What is being asked: Extract only the first line of the listing and every line after it up to and including the one with "整数 を選択し、保存 を選択して新しい列を追加します。". Omit the pictures.

== Data supplied

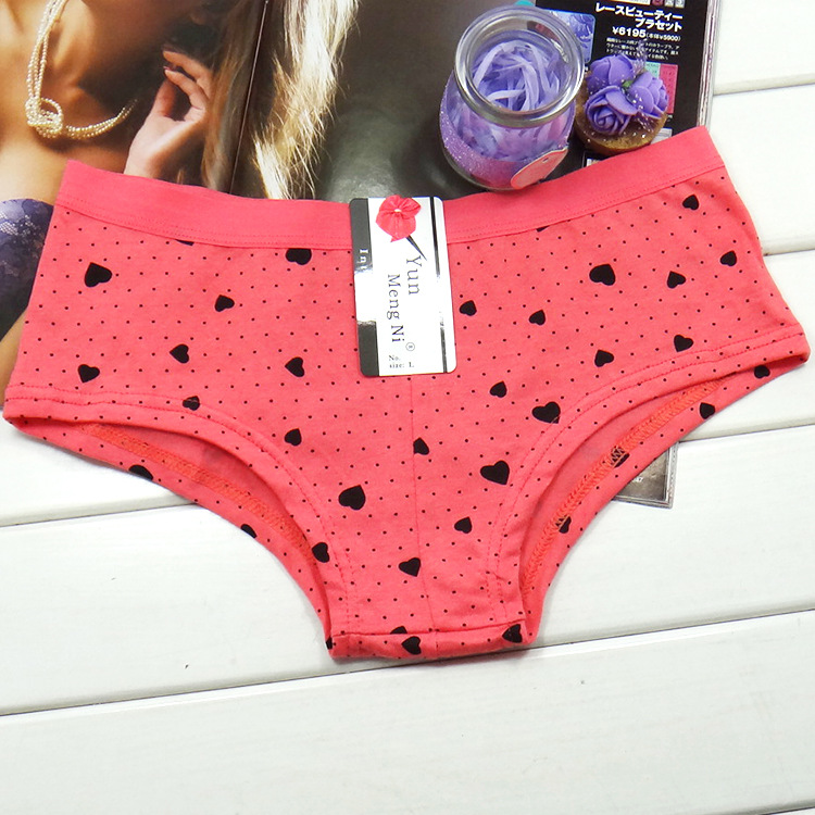 云梦妮外贸棉女士内裤时尚爱心印花女式三角裤厂家货源
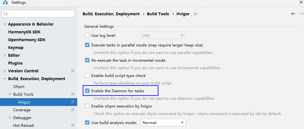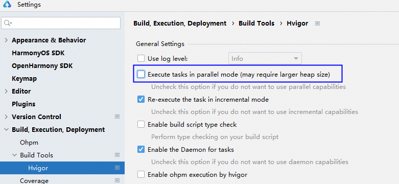 在菜单栏点击“File > Settings(macOS为DevEco Studio > Preferences/Settings) > Build, Execution, Deployment > Build Tools > Hvigor”,取消勾选“Execute tasks in parallel mode (may require larger heap size)”。
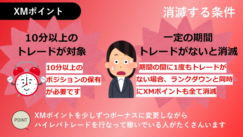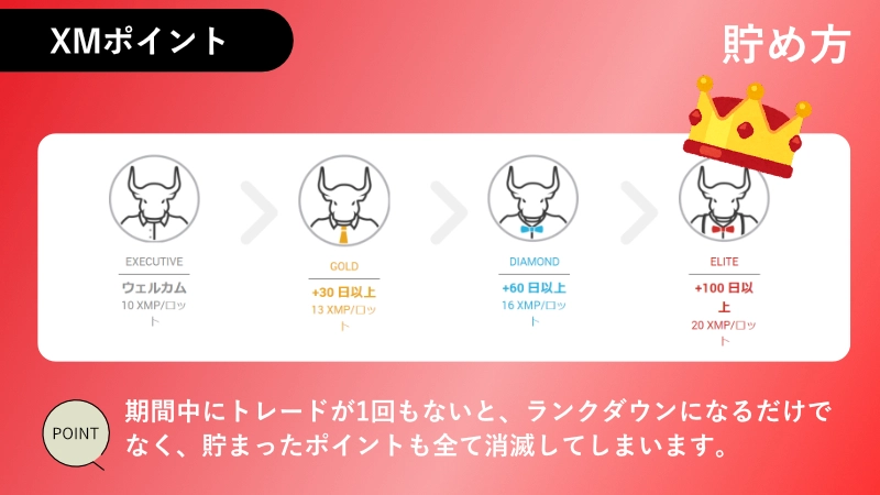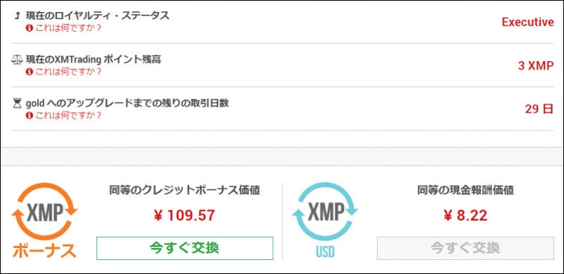 XMポイントは上の期間の間に1度もトレードがない場合、ランクダウンと同時にXMポイントも全て消滅してしまいます。
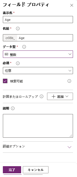 + 新しい列を選択し、表示名 フィールドに年齢と入力します。 データ型 ドロップダウン 一覧で 整数 を選択し、保存 を選択して新しい列を追加します。
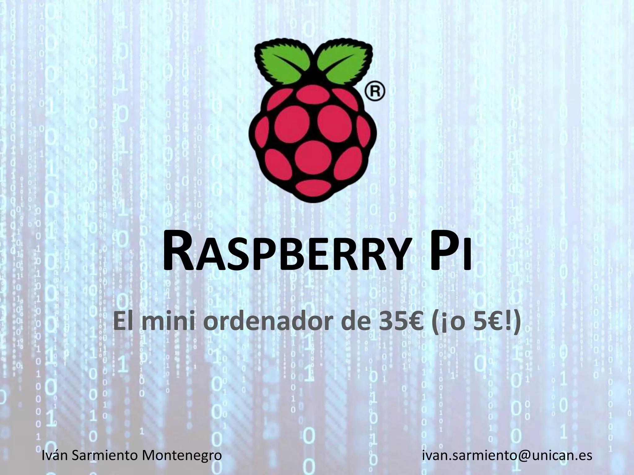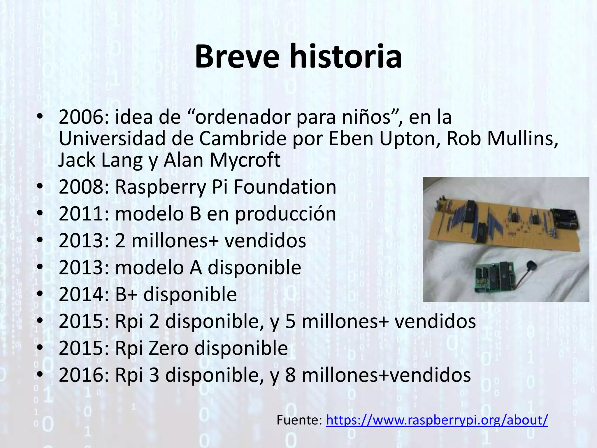Este documento proporciona una introducción al Raspberry Pi, incluyendo su historia desde 2006, modelos disponibles como el Modelo B, Modelo A, Modelo B+, Modelo 2 y Modelo 3. Explica sus características técnicas, conexiones y requisitos básicos. También resume aplicaciones populares como PC de sobremesa, tablet, mediacenter, retrogaming, servidor web, descargas, punto de acceso WiFi y video vigilancia. Finalmente, menciona otros proyectos como domótica, sistemas de riego, escaneo 3
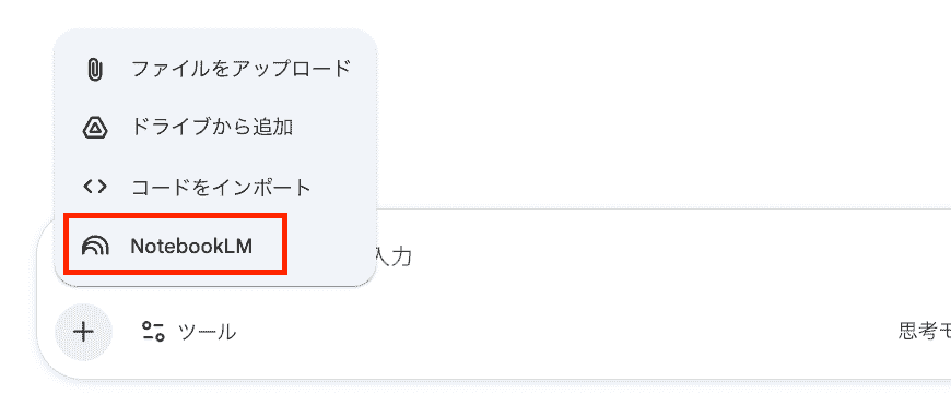 使い方は至ってシンプルで、チャットの+ボタンからNotebookLMを選択し、議事録データをアップロードします。
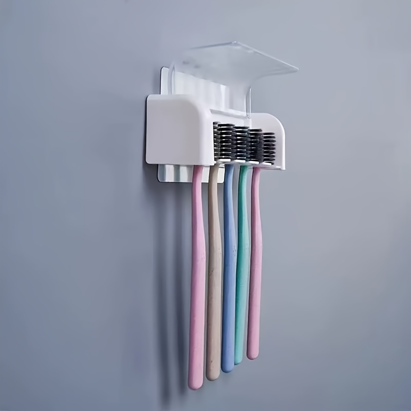 TEMU 커버 포함 5구 칫솔걸이, 접착식 벽걸이 칫솔 정리함, 플라스틱 욕실용품, 기숙사 및 샤워실에 적합, 칫솔 5개 수납, 전원 불필요, 완벽한 욕실용품
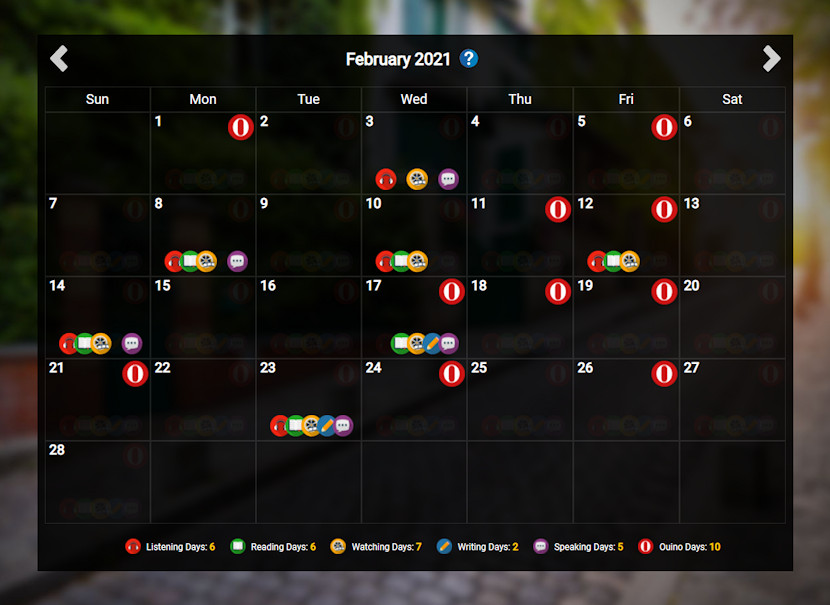 By using the Ouino calendar, you will be able to visually see the areas you need to work on. For example, if you have 20 listening badges at the end of the month, but only 1 speaking badge, you may want to try and increase your speaking activities in the next month. You certainly don’t need to do every learning activity each day (unless you’re superhuman), but you should try to find a nice balance in your language-learning schedule and tweak your goals if you want get the most out of your learning time.

====

Your solution:
 云梦妮外贸棉女士内裤时尚爱心印花女式三角裤厂家货源
 在菜单栏点击“File > Settings(macOS为DevEco Studio > Preferences/Settings) > Build, Execution, Deployment > Build Tools > Hvigor”,取消勾选“Execute tasks in parallel mode (may require larger heap size)”。
 XMポイントは上の期間の間に1度もトレードがない場合、ランクダウンと同時にXMポイントも全て消滅してしまいます。
 + 新しい列を選択し、表示名 フィールドに年齢と入力します。 データ型 ドロップダウン 一覧で 整数 を選択し、保存 を選択して新しい列を追加します。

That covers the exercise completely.